(DATA UNDER STUDY Opens)
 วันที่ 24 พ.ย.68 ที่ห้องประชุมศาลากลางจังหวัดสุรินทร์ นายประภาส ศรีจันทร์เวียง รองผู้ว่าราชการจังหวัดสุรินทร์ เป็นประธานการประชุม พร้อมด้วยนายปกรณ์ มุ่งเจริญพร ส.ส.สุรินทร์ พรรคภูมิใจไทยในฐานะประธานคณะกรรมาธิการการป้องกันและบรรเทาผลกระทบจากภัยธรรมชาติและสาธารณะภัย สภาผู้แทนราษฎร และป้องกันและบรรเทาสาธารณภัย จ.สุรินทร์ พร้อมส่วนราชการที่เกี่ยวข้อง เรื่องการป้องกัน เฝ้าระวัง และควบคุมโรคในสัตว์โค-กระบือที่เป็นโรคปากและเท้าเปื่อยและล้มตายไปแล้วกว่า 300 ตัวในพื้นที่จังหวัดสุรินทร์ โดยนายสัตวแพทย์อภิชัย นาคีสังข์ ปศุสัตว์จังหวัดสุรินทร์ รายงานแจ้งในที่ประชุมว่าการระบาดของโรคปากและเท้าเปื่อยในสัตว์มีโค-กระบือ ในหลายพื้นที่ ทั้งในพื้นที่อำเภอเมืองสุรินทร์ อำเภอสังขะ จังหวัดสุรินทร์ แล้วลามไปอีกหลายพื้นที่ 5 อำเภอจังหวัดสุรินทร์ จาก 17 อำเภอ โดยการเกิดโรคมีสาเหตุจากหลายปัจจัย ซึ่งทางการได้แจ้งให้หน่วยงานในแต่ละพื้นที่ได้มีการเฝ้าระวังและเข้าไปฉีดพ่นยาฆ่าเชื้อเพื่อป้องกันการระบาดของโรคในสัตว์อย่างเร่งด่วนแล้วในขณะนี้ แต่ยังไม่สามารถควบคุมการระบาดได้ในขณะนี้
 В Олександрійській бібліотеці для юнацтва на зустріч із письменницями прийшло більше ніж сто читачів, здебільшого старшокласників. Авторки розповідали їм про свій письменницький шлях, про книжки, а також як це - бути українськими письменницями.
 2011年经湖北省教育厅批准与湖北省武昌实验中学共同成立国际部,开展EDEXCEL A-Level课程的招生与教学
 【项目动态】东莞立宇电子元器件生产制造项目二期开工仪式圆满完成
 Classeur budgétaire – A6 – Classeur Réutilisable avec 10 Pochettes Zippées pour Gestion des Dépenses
(DATA UNDER STUDY Closes)
All lines above are to be transcribed exactly.

 วันที่ 24 พ.ย.68 ที่ห้องประชุมศาลากลางจังหวัดสุรินทร์ นายประภาส ศรีจันทร์เวียง รองผู้ว่าราชการจังหวัดสุรินทร์ เป็นประธานการประชุม พร้อมด้วยนายปกรณ์ มุ่งเจริญพร ส.ส.สุรินทร์ พรรคภูมิใจไทยในฐานะประธานคณะกรรมาธิการการป้องกันและบรรเทาผลกระทบจากภัยธรรมชาติและสาธารณะภัย สภาผู้แทนราษฎร และป้องกันและบรรเทาสาธารณภัย จ.สุรินทร์ พร้อมส่วนราชการที่เกี่ยวข้อง เรื่องการป้องกัน เฝ้าระวัง และควบคุมโรคในสัตว์โค-กระบือที่เป็นโรคปากและเท้าเปื่อยและล้มตายไปแล้วกว่า 300 ตัวในพื้นที่จังหวัดสุรินทร์ โดยนายสัตวแพทย์อภิชัย นาคีสังข์ ปศุสัตว์จังหวัดสุรินทร์ รายงานแจ้งในที่ประชุมว่าการระบาดของโรคปากและเท้าเปื่อยในสัตว์มีโค-กระบือ ในหลายพื้นที่ ทั้งในพื้นที่อำเภอเมืองสุรินทร์ อำเภอสังขะ จังหวัดสุรินทร์ แล้วลามไปอีกหลายพื้นที่ 5 อำเภอจังหวัดสุรินทร์ จาก 17 อำเภอ โดยการเกิดโรคมีสาเหตุจากหลายปัจจัย ซึ่งทางการได้แจ้งให้หน่วยงานในแต่ละพื้นที่ได้มีการเฝ้าระวังและเข้าไปฉีดพ่นยาฆ่าเชื้อเพื่อป้องกันการระบาดของโรคในสัตว์อย่างเร่งด่วนแล้วในขณะนี้ แต่ยังไม่สามารถควบคุมการระบาดได้ในขณะนี้
 В Олександрійській бібліотеці для юнацтва на зустріч із письменницями прийшло більше ніж сто читачів, здебільшого старшокласників. Авторки розповідали їм про свій письменницький шлях, про книжки, а також як це - бути українськими письменницями.
 2011年经湖北省教育厅批准与湖北省武昌实验中学共同成立国际部,开展EDEXCEL A-Level课程的招生与教学
 【项目动态】东莞立宇电子元器件生产制造项目二期开工仪式圆满完成
 Classeur budgétaire – A6 – Classeur Réutilisable avec 10 Pochettes Zippées pour Gestion des Dépenses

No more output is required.